**Information supplied**
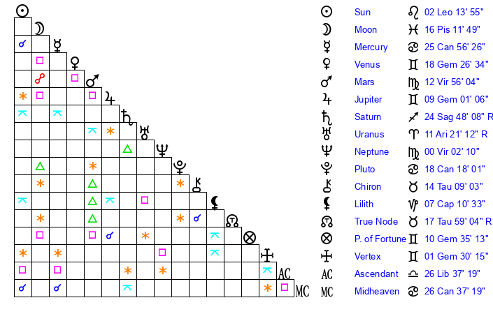 | Moon | 16 Pisces 14 | 14 Leo 26 | 1 Libra 46 |
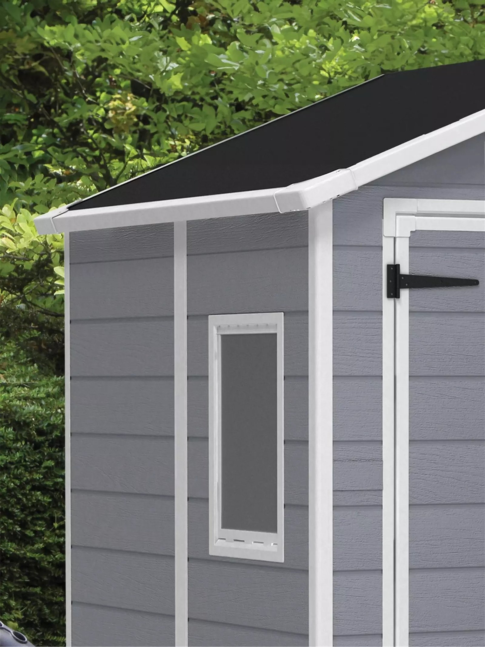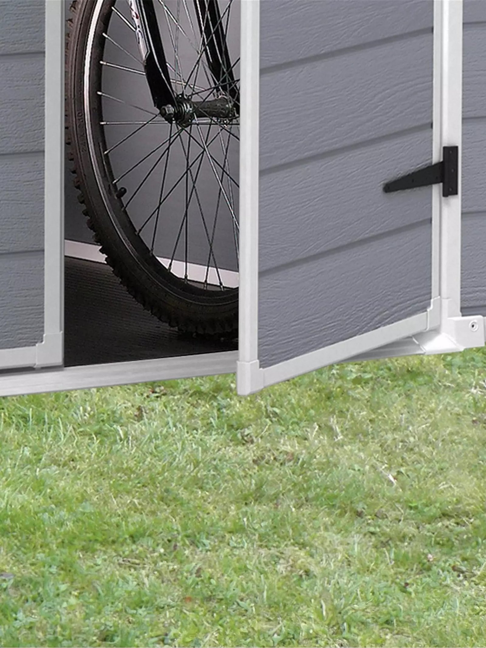 The Manor is a durable storage shed with a double wall construction that is fully weather-resistant. It also features double doors for easy access, floor panel, built-in ventilation for safety, a fixed window for natural light and has a locking system to provide added security for your items.
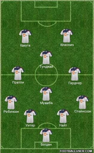 "Болтон" (4-1-2-1-2): Богдан - Стейнссон, Найт, Уитер, Робинсон - Муамба, Пратли, Гарднер - Тунджай, Какута, Класнич.
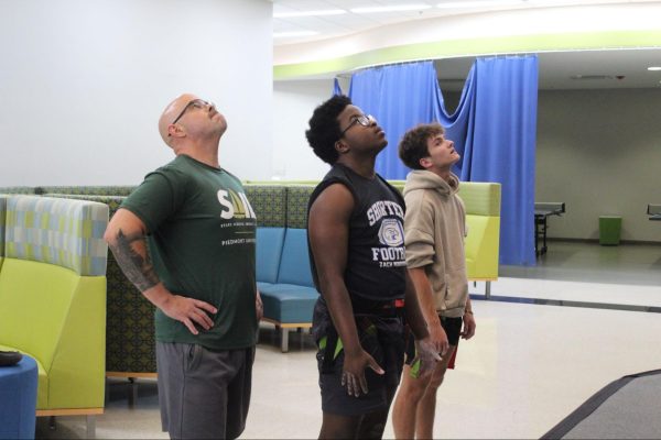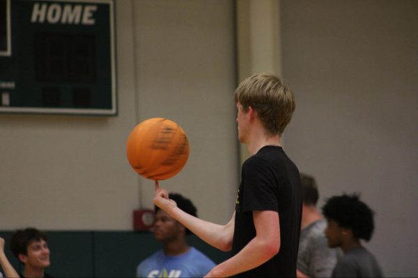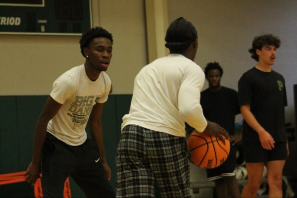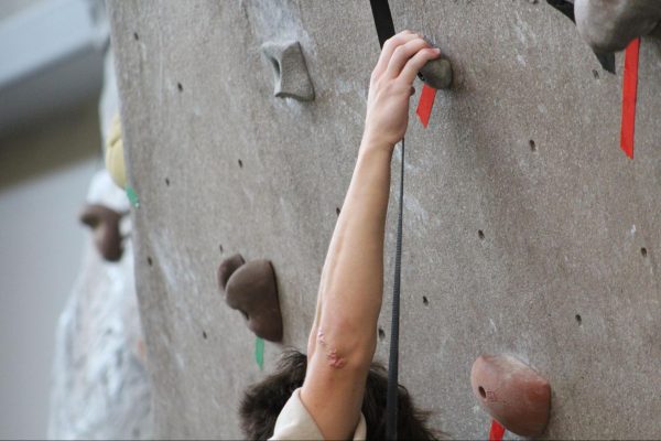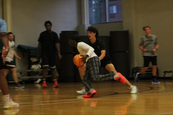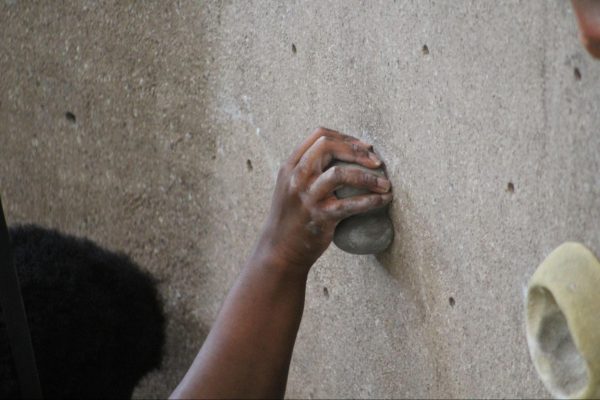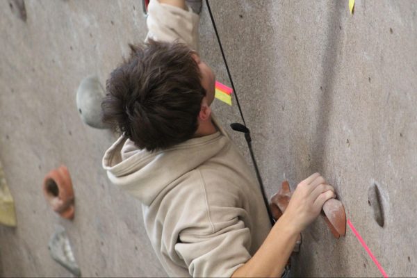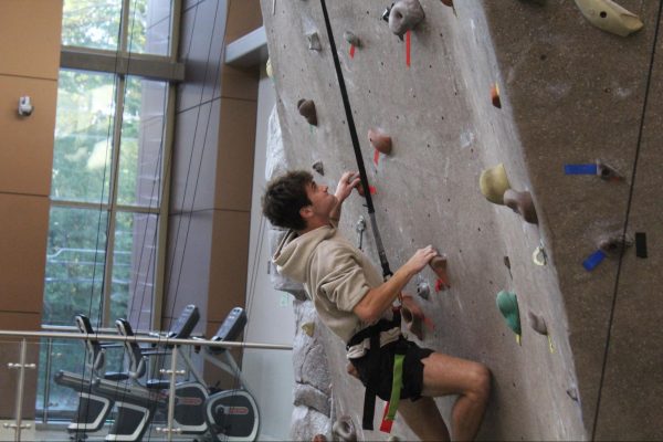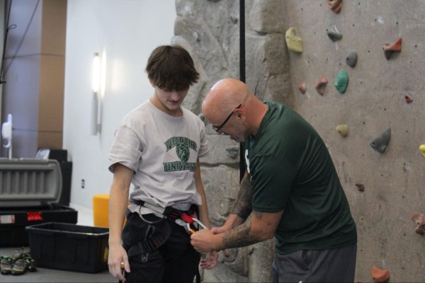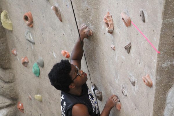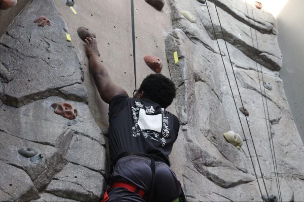 Outside of the auto-belay and marked routes, students can climb the lower half of the wall without needing to be belayed, known as boulder climbing.Livingston Jenkins climbing the unmarked route below the tape, commonly known a the section climbers boulder on.Rec Games Night isn’t the only time students can shoot hoops. Students can use the commons gym at any time during the day and access the Lion’s Den to grab a basketball.Sophomore Micah Reese participating in a game of pickup basketball in the commons gym during Rec Games Night.Students can utilize the rock wall at any skill level. The wall includes two auto-belay systems, which can be used for the easier routes.Jason Croy helping Nicholas Parker safely secure his harness to begin climbing. Jason Croy offers positivity and heavily encourages students to succeed, whether that’s in academics, life, or physical activities.Roar newspaper head designer August Gotter participating in his third Tuesday, attending the Rec games night.The rock wall is open during the week, anytime before 5 p.m., for solo climbing.Jason Croy (left), Livingston Jenkins, Jackson Parker (right), watch as fellow students challenge themselves by climbing the red route on the rock wall.Jonathan Isaac, sophomore, guarding online professor Anthony Newton, who is attempting to drive to the paint.Rec Games Night takes place every Tuesday from 6 p.m. to 9 p.m. in the Commons, allowing students to be involved in various activities – climbing the rock wall, playing pickleball, participating in pick-up basketball and other recreational sports.Freshman Drew O’Neil guarding one of Piedmont University’s online professors Anthony Newton in a pickup game at the Rec Games Night event.Jackson Parker nearing the top of the rock wall, which students from the second floor of the commons can see climbers make it to the top.

**What to do**
Everything from the first line of the listing above through the line that contains "Тунджай, Какута, Класнич." is to be restated word for word, minus the pictures.

**Exercise result**
 | Moon | 16 Pisces 14 | 14 Leo 26 | 1 Libra 46 |
 The Manor is a durable storage shed with a double wall construction that is fully weather-resistant. It also features double doors for easy access, floor panel, built-in ventilation for safety, a fixed window for natural light and has a locking system to provide added security for your items.
 "Болтон" (4-1-2-1-2): Богдан - Стейнссон, Найт, Уитер, Робинсон - Муамба, Пратли, Гарднер - Тунджай, Какута, Класнич.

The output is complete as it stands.